What to work on — Set down, exactly as written, the lines from the top of the data to the line that holds "Title: The Strategic Value of Health Studies", and omit the pictures.

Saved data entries
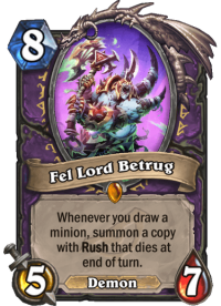 I also would not Dust any of the Rise of Shadows cards yet. Betrug has some potential. I honestly don’t think that it’s even going to be an amazing card, but anything can happen in Hearthstone.
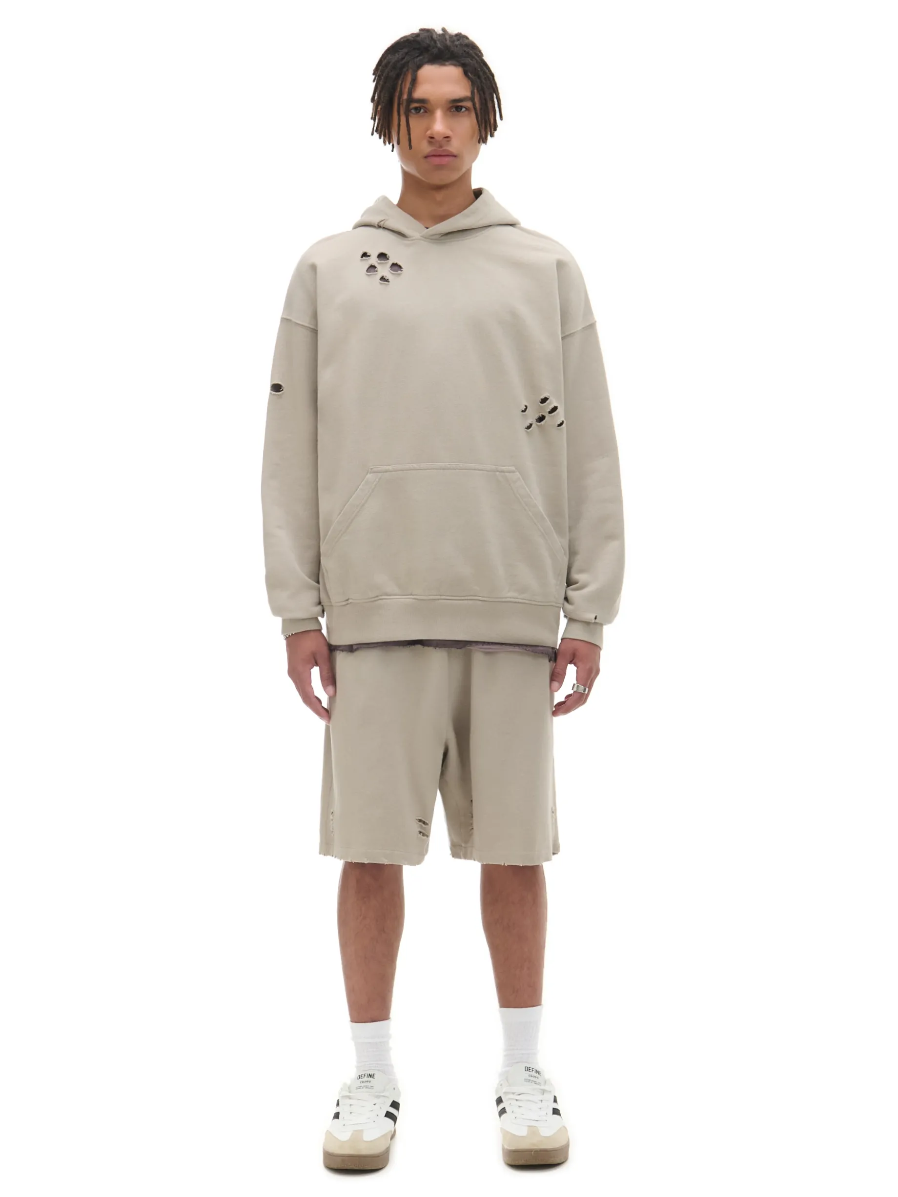 Męska beżowa bluza z kapturem typu hoodie. Dziury i poszarpane krawędzie przy mankietach od rękawów nadają jej charakteru. Look & vibe! 100% oddychającej bawełny swobodny krój loose duża kieszeń typu kangur ściągacze na biodrach i mankietach poszarpane krawędzie przy mankietach asymetryczne dziury na materiale
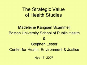 Title: The Strategic Value of Health Studies
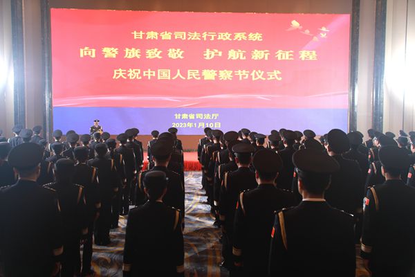 1月10日,甘肅省司法行政系統(tǒng)在蘭州舉行“向警旗致敬 護(hù)航新征程”第三個(gè)“中國人民警察節(jié)慶”祝儀式,省司法廳機(jī)關(guān)相關(guān)局處室、省監(jiān)獄管理局、省戒毒管理局和基層監(jiān)所民警代表參加了慶祝儀式。
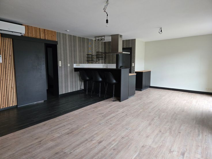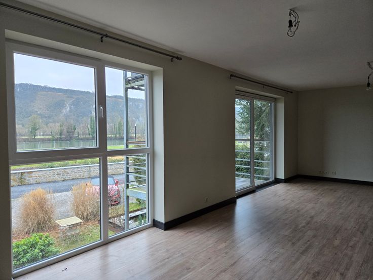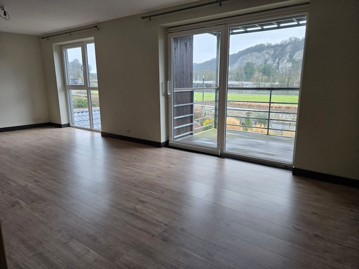 Appartement 1er étage (PEB A+): comprenant living avec cuisine américaine (37 m²) et terrasse (9 m²) l'ensemble vue Meuse. Une buanderie, un hall de nuit, un wc séparé, deux chambres.
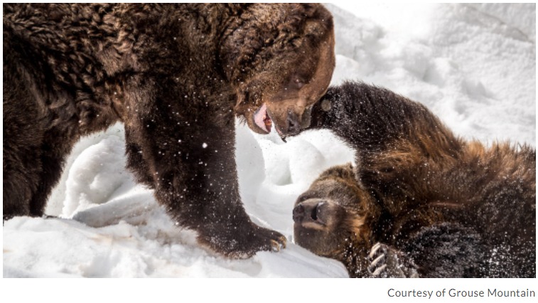 這2只分別叫Grinder 和 Coola 的灰熊自2001年以來,壹直在松雞山瀕危野生動物保護區居住。它們是在BC省因弗米爾(Invermere)和貝拉庫拉(Bella Coola)兩起不同的事件中成為孤兒後獲救。

Written answer —
 I also would not Dust any of the Rise of Shadows cards yet. Betrug has some potential. I honestly don’t think that it’s even going to be an amazing card, but anything can happen in Hearthstone.
 Męska beżowa bluza z kapturem typu hoodie. Dziury i poszarpane krawędzie przy mankietach od rękawów nadają jej charakteru. Look & vibe! 100% oddychającej bawełny swobodny krój loose duża kieszeń typu kangur ściągacze na biodrach i mankietach poszarpane krawędzie przy mankietach asymetryczne dziury na materiale
 Title: The Strategic Value of Health Studies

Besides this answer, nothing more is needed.